Tàpies’s political commitment against Francoism gradually became more explicit. In 1966, for example, the artist was arrested after taking part in a clandestine meeting of students and intellectuals at the Capuchin convent of Sarrià (Barcelona), which had been convened to discuss the creation of the first democratic university students’ union, and in 1970, he went to a clandestine assembly held at the monastery of Montserrat to protest against the so-called Burgos trials, in which opponents of General Franco’s regime were being tried by a military court. His political implication against the dictatorship was personal and artistic. In the artist’s own words, “the social and political situation of my country has always had a repercussion on my work. I think this has to do with the fact that I do not find the concept of art for art’s sake valid. I have always maintained a utilitarian attitude to art.” This is evidenced by works approached as if they were history paintings, like A la memòria de Salvador Puig Antich (In Memory of Salvador Puig Antich, 1974), a tribute to the young anarchist executed by the regime.

At the start of the 1980s, Tàpies’s painting showed slight formal and conceptual changes that pointed to a refinement of the material weight, though without dispensing with an element as distinctive as the “wall.” The formats gained in size and the brushstrokes spread across broader surfaces, making the scale contribute to the more sedate character of these works with scarcely any variations on the artist’s recognizable repertoire. It was in this phase that the use of varnish came to the fore.

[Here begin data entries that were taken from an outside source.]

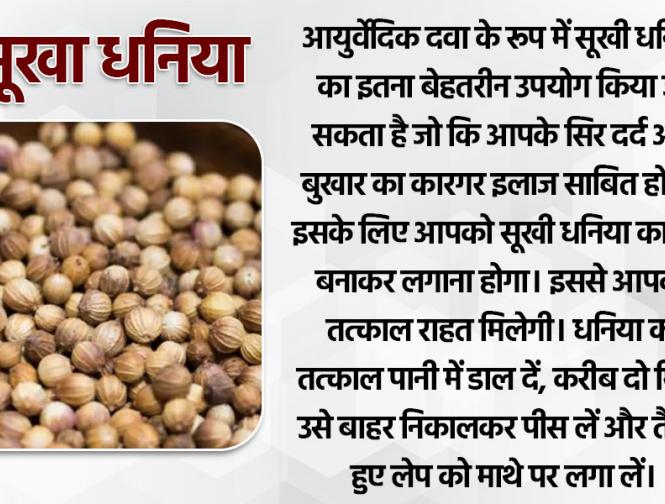 आयुर्वेदिक दवा के रूप में सूखी धनिया का इतना बेहतरीन उपयोग किया जा सकता है जो कि आपके सिर दर्द और बुखार का कारगर इलाज साबित होगी। इसके लिए आपको सूखी धनिया का लेप बनाकर लगाना होगा। इससे आपको तत्काल राहत मिलेगी। धनिया को तत्काल पानी में डाल दें, करीब दो मिनट उसे बाहर निकालकर पीस लें और तैयार हुए लेप को माथे पर लगा लें।
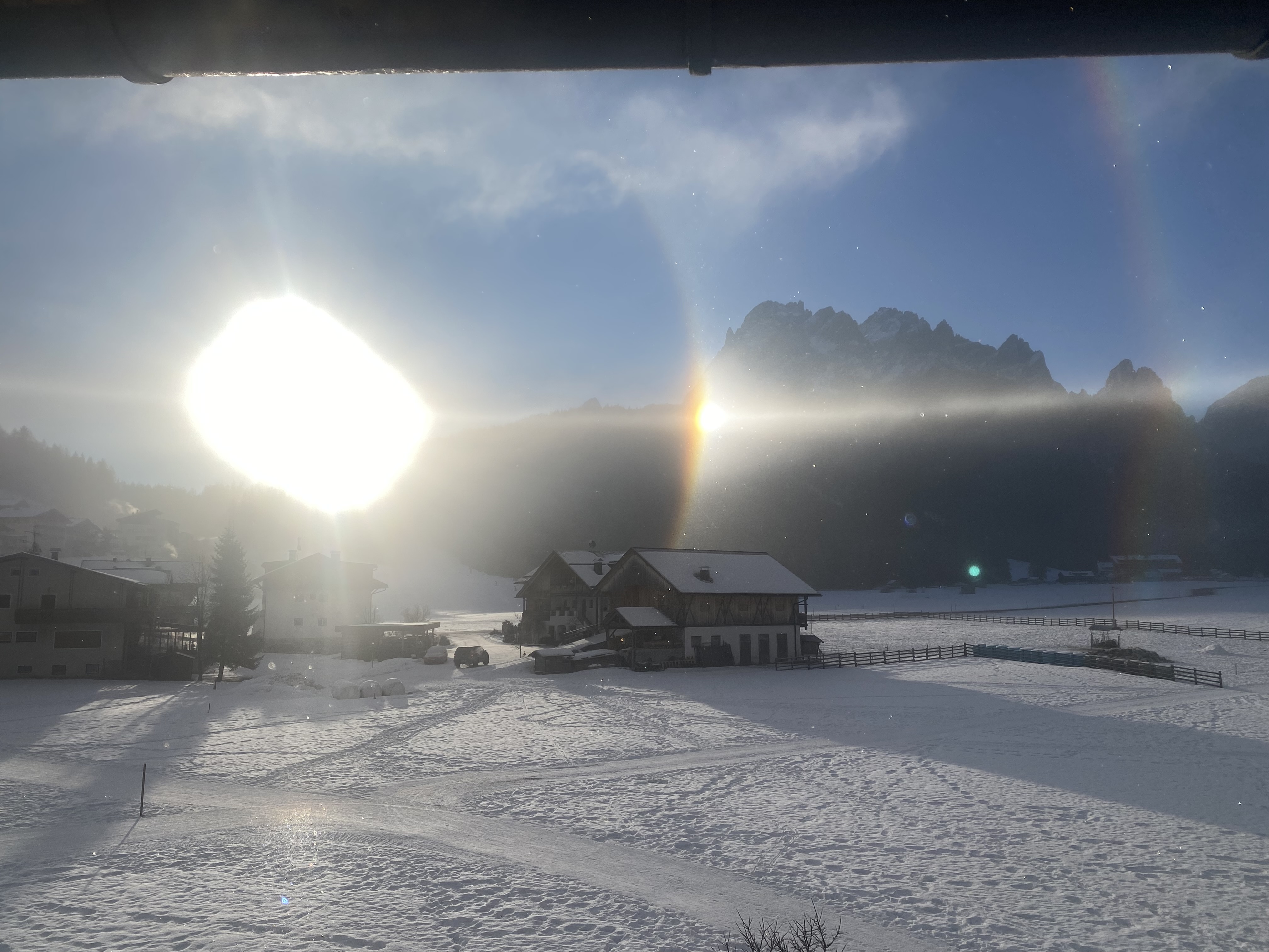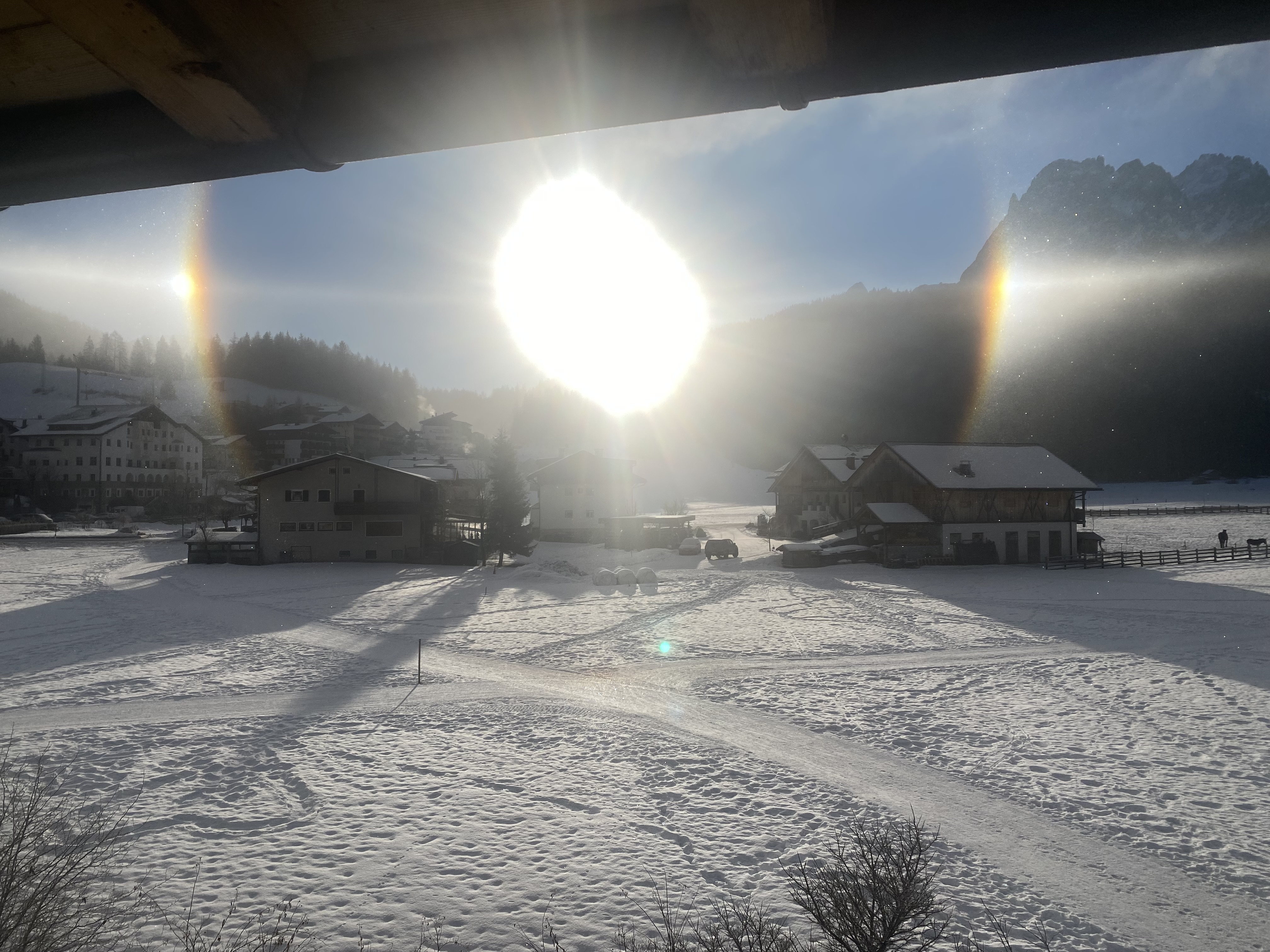 Раз в комментах много физики, то добавлю фото, снятое мом другом вчера утром в итальянских Альпах вблизи границы с Австрией. Это явление называется Parhelion и было объяснено Эдмом Мариоттом еще в 17 веке как преломление в кристалликах льда. Вокруг Солнца видно радужное гало (circumscribed halo, гало 22°), вокруг него гало в 46°. Есть горизонтальная полоса (Parhelic circle), вертикальная. На пересечении внутреннего гало с Parhelic circle расположены два Sun dogs. Гало в 46° можно увидеть очень редко.
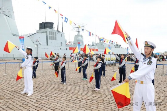 ▲孩子们祝人民海军生日快乐。刘再耀 摄
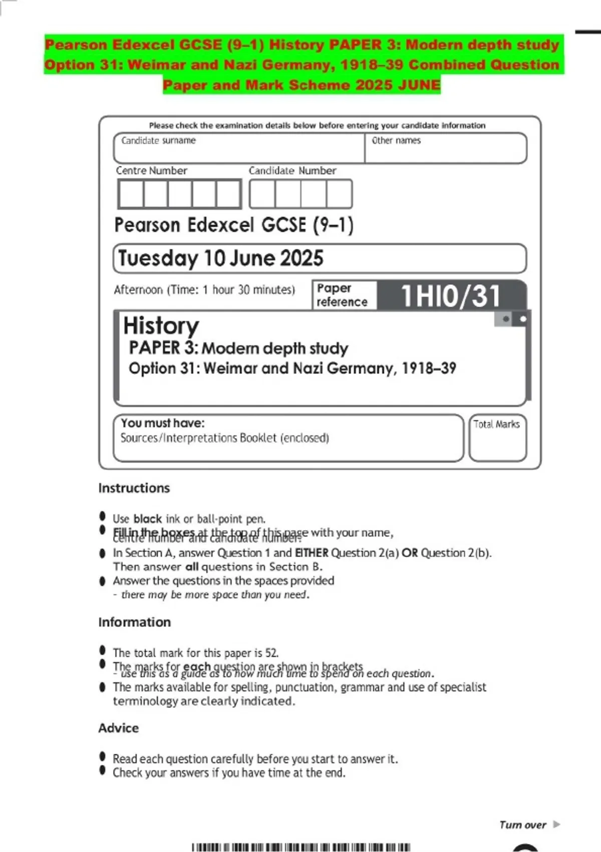 Pearson Edexcel GCSE (9–1) History PAPER 3: Modern depth study Option 31: Weimar and Nazi Germany, 1918–39 Combined Question Paper and Mark Scheme 2025 JUNE
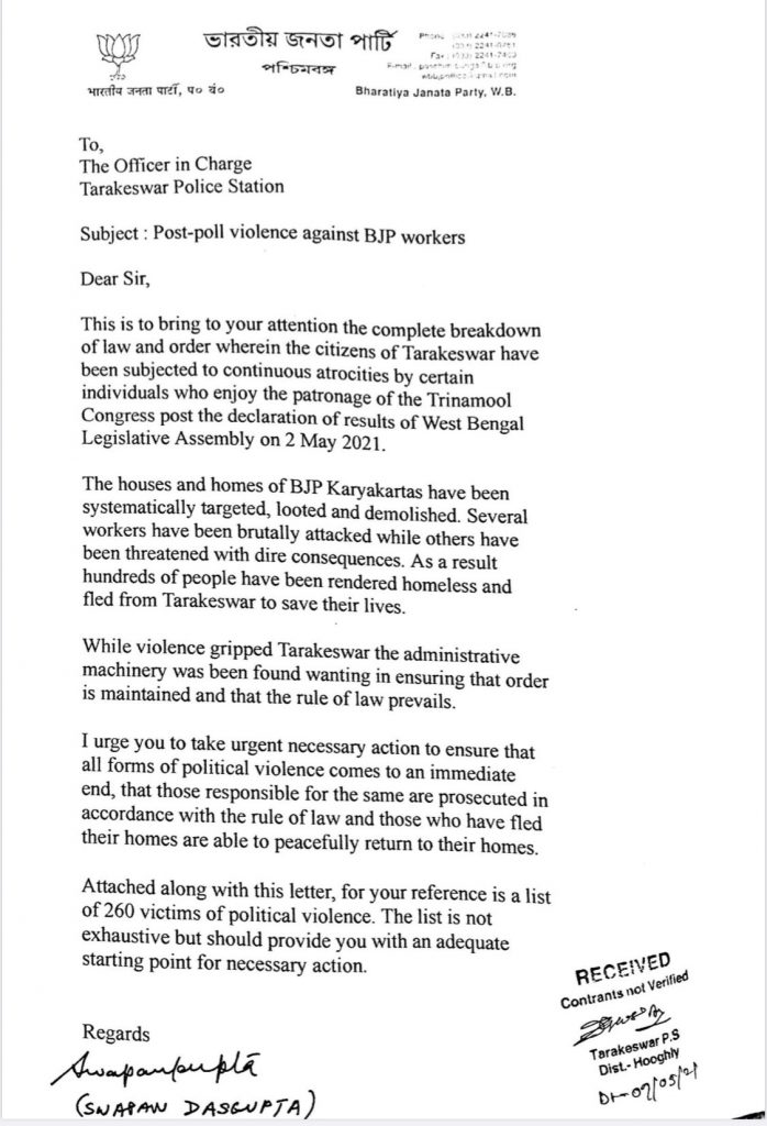 Went to Tarakeshwar PS to register a formal complaint of the persecution of BJP workers. I included a list of 260 victims of the political violence (including those who are unable to return home). I think it was important to put it on record. pic.twitter.com/BqzcUdKkI8
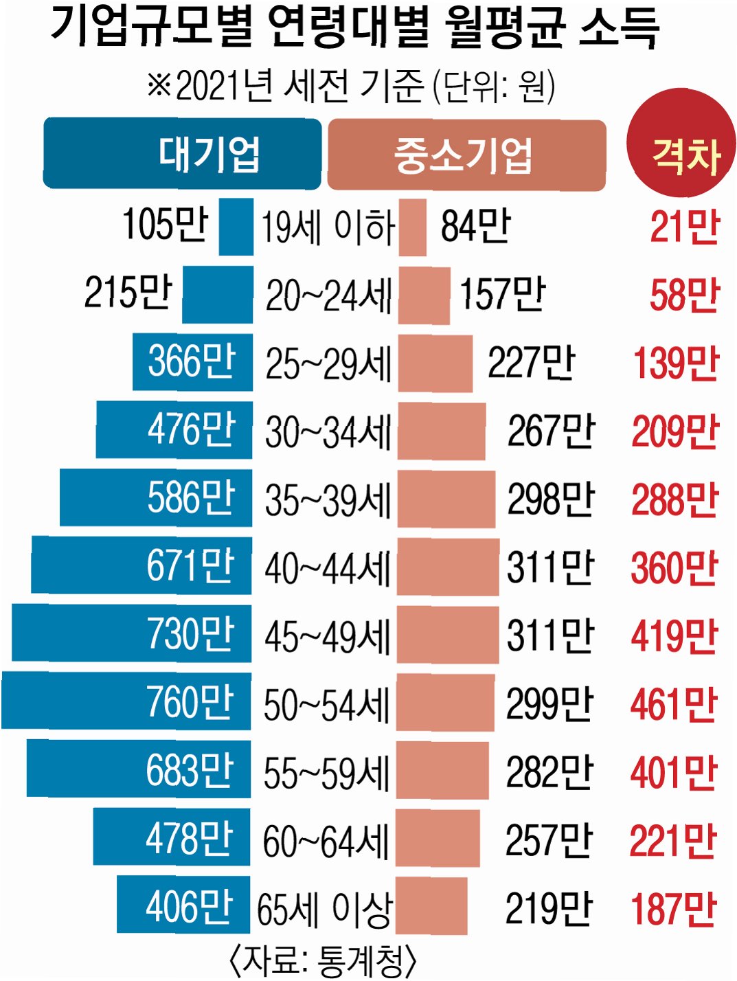 사상 최대! 대기업과 중소기업의 임금 격차
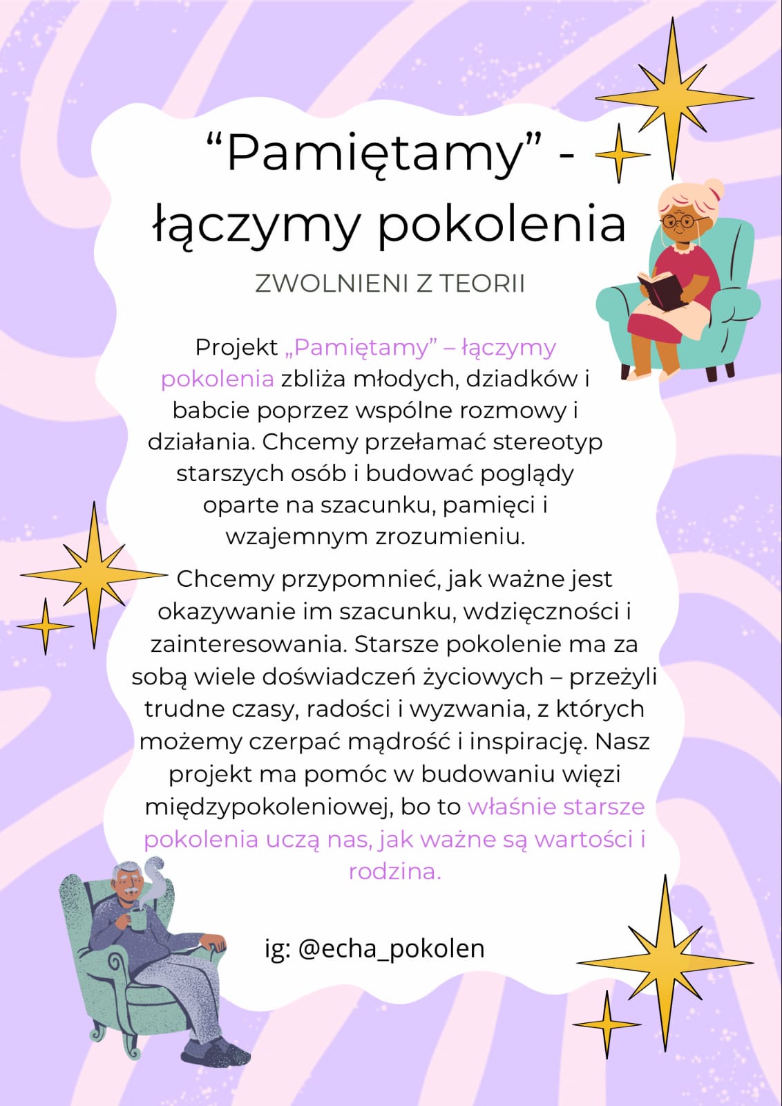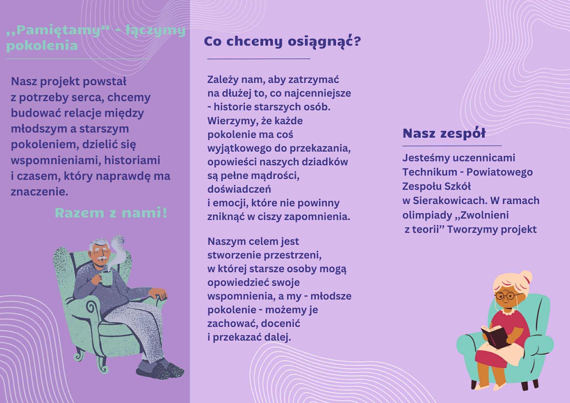 Trzy uczennice klasy 4 TRA Technikum Powiatowego Zespołu Szkół w Sierakowicach realizują projekt społeczny „Pamiętamy – łączymy pokolenia”. Inicjatywa powstała w ramach ogólnopolskiej olimpiady ZWOLNIENI Z TEORII i ma na celu zbliżenie młodego i starszego pokolenia.
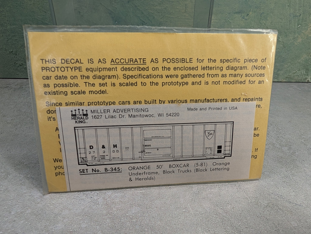 The Herald King B-345 HO Scale Orange 50' Box Car 5-81 Delaware and Hudson Decals
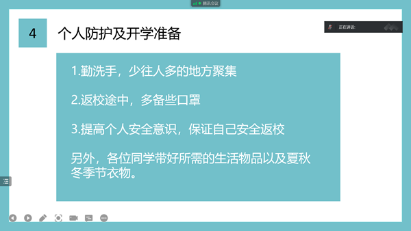 此次线上主题班会的顺利召开,帮助同学们了解到许多开学的注意事宜,不仅增强了同学们的疫情防控意识,也为返校复学工作筑牢了安全防线。相信在各班同学和老师们的积极配合下,我院学子都能够顺利安全返回校园。

This material with its golden tonality brings together chance and unpredictability, and plays with transparency, disorder, the stain, and the formless. It fuses almost figurative forms that are then diluted in abstractions of disturbing ambiguity. His use of this material coincided with a growing interest in Asian art and culture. Works like Celebració de la mel (Celebration of Honey) are paradigmatic of both aspects.

In the last two decades of his life, the work of Antoni Tàpies became impregnated with a certain sense of melancholy. The artist was still widely respected, but there is a predominant feeling of despondency and continual references in his work to death, illness, and pain. Gaining awareness of the proximity of death, Tàpies found ways of living with the certainty of the passage of time, but not to wallow in despair or selfpity. The paintings of those mature years do not lose the uneasy indeterminacy between figuration and its dissolution that runs through Tàpies’s whole career, but rather evoke erasure and oblivion. They are recollections and experiences that form part of the memory of his specific gestural expressions.